In most of the studies reporting no association, PUFAs or fish were measured only once in the 1980s or early 1990s and the fish type was not differentiated,19, 21, 22, 25 or the different PUFAs were not distinguished but rather evaluated overall.24, 28, 29 This might explain the absence of association. Moreover, two of the negative studies were on cohorts with short follow-up, which might be problematic for prostate cancer since it is a relatively latent disease generally occurring later in life.18, 21

Two studies reported a positive association between LC n-3/fish intake and prostate cancer, although they were both undertaken in populations with much higher fish intake than our study—Sweden27 and Japan16—and they did not differentiate type of fish consumed. As noted by the authors of these studies, the positive association could be confounded by environmental toxins, such as polychlorinated biphenyls (PCBs) or methylmercury compounds contained in fish. In the Japanese study,16 the exposure was defined in the 1960s and 1970s with follow-up until late 1990s, during which dietary patterns have changed [Cancer Statistics in Japan. http://ganjoho.ncc.go.jp/public/statistics/backnumber/2007_en.html (accessed August 2008)], resulting in another source of potential confounding. Prospective studies where exposure is reassessed periodically, such as the Health Professional Follow-up Study,17, 20 provide better measures of adult dietary intake and have shown negative associations.

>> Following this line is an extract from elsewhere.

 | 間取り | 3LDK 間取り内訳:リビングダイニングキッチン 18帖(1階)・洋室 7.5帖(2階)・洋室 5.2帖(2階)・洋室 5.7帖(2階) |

Our findings of an interaction between LC n-3 and the COX-2 SNP rs4648310 suggest that while carriers of the variant SNP had an overall increased risk of aggressive prostate cancer, this deleterious effect was found only in men consuming low levels of LC n-3. Moreover, this association was reversed by high consumption of LC n-3. The diet × rs4648310 (+8897 A>G) interaction was similar across individual LC n-3 (EPA, DPA and DHA) and dark fish (interaction p = 0.002, data not shown)—the main source of the PUFAs.

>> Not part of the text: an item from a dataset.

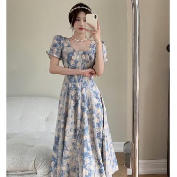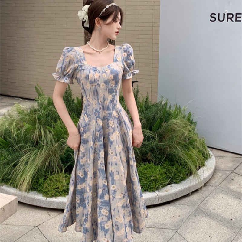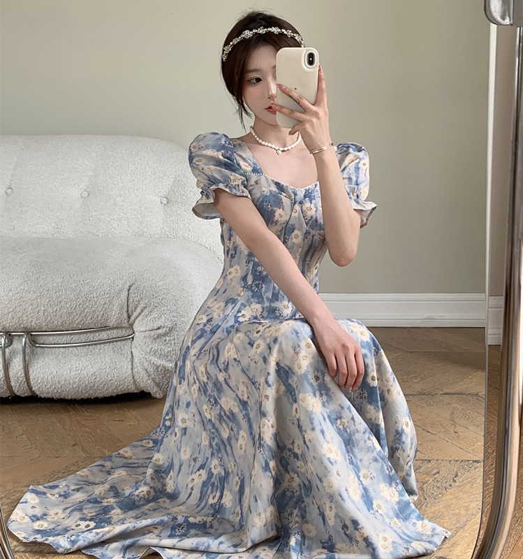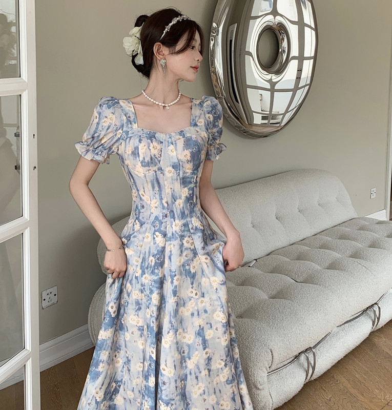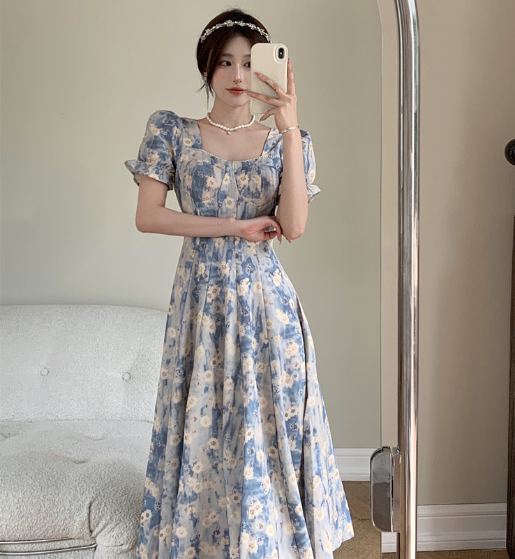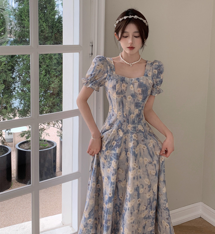 大码法式方领蓝色油画碎花连衣裙女夏收腰显瘦初恋长裙 服裝批發女裝批發服飾貨源

These results are in general agreement with those previously reported in a Swedish study32. Although rs4648310 (+8897 A>G) was not genotyped in their study, they found that another COX-2 SNP (rs5275, +6364 A>G) modified the impact of fish intake on prostate cancer (p interaction < 0.01). In particular, Salmon-type fish consumption—a proxy for LC n-3 intake—was protective only among men carrying the variant rs5275 genotypes (p trend < 0.01). We did not observe a similar pattern of interaction with rs5275 in our study (p interaction = 0.8). SNPs rs4648310 and rs5275 are located 2.4 kilobases apart and exhibit weak linkage disequilibrium in our population (r2=0.01, among whites). The functional impact of rs5275, an intronic variant, and rs4648310, flanking the 3′ COX-2 gene, on COX-2 activity is not yet known. It is possible that either of these polymorphisms, or another linked variant, may have biological effects on COX-2 activity. Collectively, the combined findings of our study and that of the Swedish population support the overall hypothesis that LC n-3 modifies prostate inflammation through the COX-2 enzymatic pathway.

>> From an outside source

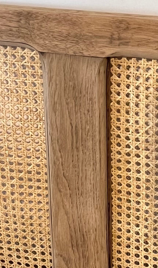 Tête de lit ancienne 1 place en chêne massif brut et cannage

NSAIDs are one of the most frequently used inhibitors of the COX-2 enzyme, one of the most important enzymes involved in the metabolism of the n-3 PUFAs. Although we observed a stronger reduction of prostate cancer risk by LCn-3 in NSAIDs non users, formal testing of interaction between the fatty acids and NSAIDs was not significant. This could be due to lack of power to show a stronger effect in NSAIDs non-users, or because of slightly different biological mechanisms. Both long chain omega-3 polyunsaturated fatty acids and NSAIDs compete with arachidonic acid for binding to the cyclooxygenase active site, but the downstream effects appear different.43, 44 Our findings may support those at the cellular and molecular level of inter-related but slightly different mechanisms of action between n-3 PUFA and NSAIDs. In fact, we previously published36 that COX-2 SNP rs2745557 appeared to modify the NSAIDs effect: NSAIDs use was protective for prostate cancer risk only in carriers of the wildtype (GG) rs2745557 (OR 0.58; 95%CI: 0.42-0.79) but in carriers of at least one variant allele (GA/AA), no association was observed (OR 0.86; 95% CI: 0.55-1.35). Thus, COX-2 genetic variation at different areas, potentially affecting different sub-functions of the enzyme, may have different effects on prostate carcinogenesis: rs2745557 appears more important to the pharmacogenetics of NSAIDs, while rs4648310 appears more relevant to the metabolism of n-3 PUFAs. In contrast, in another study about fish intake—a proxy for LC n-3—and colon cancer, NSAIDs use was shown to be a modifier in addition to fish intake.45 The interaction between COX-1 genetic variation and fish intake was statistically significant (p=0.04) only when NSAIDs use was also taken into account. Thus NSAIDs and LC n-3 may act synergistically in colon cancer and the same could be true for prostate cancer, despite our statistically negative findings in this regard.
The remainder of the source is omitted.